The overall framework of the proposed optical-SAR image registration method is shown in
Figure 2.
4. Discussion
For the registration of remote sensing images with complex terrain, the essential problem is to obtain a set of reliable, sparse corresponding feature points that distribute evenly and densely across the input image and also present a low outlier ratio. Owing to the proposed SAR-PC-Moment-based feature point detector and especially the big template matching strategy, the outlier ratio of the putative sparse matches is reduced from more than 50% to less than 30%. The proposed mutual verification-based outlier removal method further filters out about 30% of the outliers, therefore reducing the outlier ratio to less than 20% in general. This result is very meaningful for the subsequent geometric relationship estimation procedure. Based on the proposed recursive RANSAC method, the input large image is automatically segmented into locally flat and non-flat areas, and different registration strategies are applied to the two different landscape types. In this way, a very robust registration result can be obtained, with higher matching precision for flat regions and a relatively bigger matching error when local topographic fluctuation exists.

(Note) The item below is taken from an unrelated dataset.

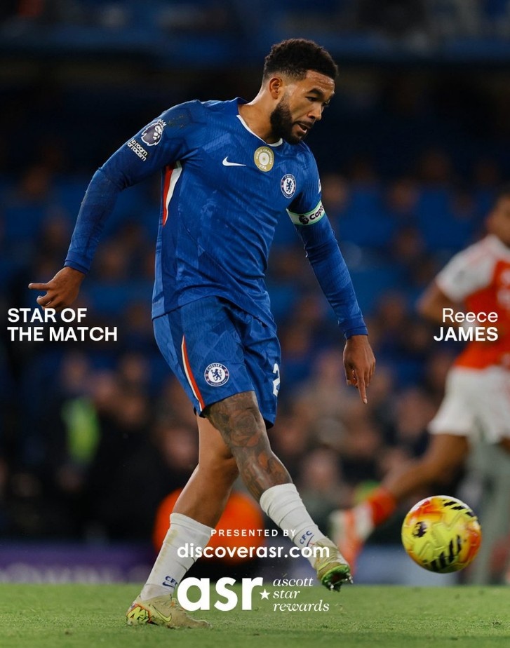 本场比赛切尔西队长里斯-詹姆斯打满全场,送出一次助攻,赛后当选切尔西官方评比出的本场队内最好球员。

The proposed registration framework can be applied not only for optical-SAR images but also for any image types that exhibit spatially varying geometric relationships, such as high-resolution optical–optical, SAR–SAR, optical–LIDAR image pairs. Therefore, it is able to act as a reliable technique for supporting information fusion applications using multi-time and multi-modal remote sensing images of various landscape types.
Still, there are shortcomings and unsolved problems. Firstly, the time consumption of sparse matching is quite high since very large image templates, sized at 641
641 pixels, are used for sparse matching. This time consumption can be reduced by decreasing the intensity of the sparse feature points, but it would probably result in a higher registration error. Secondly, as shown in
Table 8, the non-rigid CPD method is able to produce better registration accuracy for the first two datasets, which are composed of more flat terrains, as shown in
Figure 5. This result indicates the potential to further improve registration accuracy by combining the conception of probabilistic non-rigid registration with the proposed method, as long as densely distributed sparse matches with a low outlier ratio are obtained beforehand. The third problem is that there are still many image areas of mountainous terrain unregistered, due to the lack of reliable sparse matches caused by the extreme local geometric distortions. In [
58], a geometric registration approach using the DEM or DSM is proposed, which remaps the central perspective projection of the optical sensor into the side-looking mechanism of the SAR sensor. However, this method requires high geo-location accuracy for both the optical and SAR imaging systems as well as precise DEM or DSM information, which are all hard to get. The registration of optical and SAR images of mountainous areas is still an open question.